# Recent purchase



## Texasstate (Nov 10, 2018)

Tell me what you think ?

Did I do ok ?

@Mike1950 can I get an experts advice

Reactions: Like 2 | EyeCandy! 5


----------



## Nature Man (Nov 11, 2018)

Truly beautiful piece! Shipping couldn't have been cheap! Chuck


----------



## sprucegum (Nov 11, 2018)

Does anyone else see a rabbit or perhaps a sheep face? (upper right)

Reactions: Agree 1


----------



## Mike1950 (Nov 11, 2018)

Glad this got moved. That is a great price. Is it dry? Not really quilt more heavy curl but it will resaw into great lumber.


----------



## Texasstate (Nov 11, 2018)

Been drying for over 2 years not exact on mc

Reactions: Like 1


----------



## CWS (Nov 11, 2018)

sprucegum said:


> Does anyone else see a rabbit or perhaps a sheep face? (upper right)

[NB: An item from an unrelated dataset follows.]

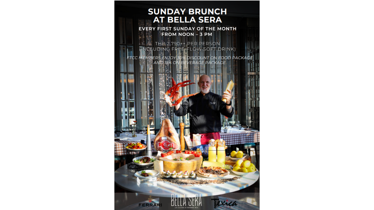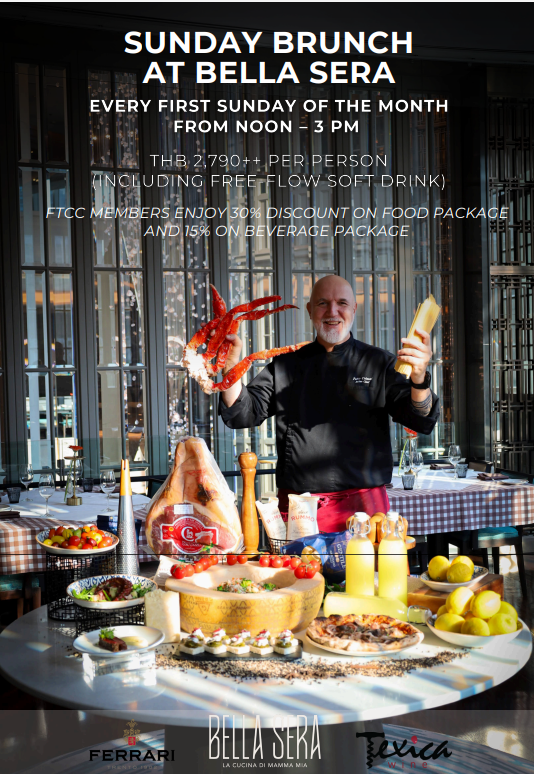 We are excited to offer an exclusive dining benefit to FTCC members for our Bella Sera Italian-style Sunday Brunch this coming Sunday (2nd of March). In keeping with our commitment to delivering exceptional dining experiences, we are pleased to extend the following offers to your members:

Sure !! Plane as the nose on your face. Just kidding Dave. I can see a rabbit.


----------



## barefoot (Nov 18, 2018)

Yes, a rabbit. Gorgeous wood. Watcha gonna do with it?


----------



## Texasstate (Nov 18, 2018)

I think I am going to make and entry way table. Not real sure but I like the slab so I prefer not to cut it up!

Snapped some pics after opening in the living room

Reactions: Like 1 | EyeCandy! 1


----------



## Patrude (Nov 26, 2018)

Talk about finding treasure. Same Dave, looks enough like a rabbit


----------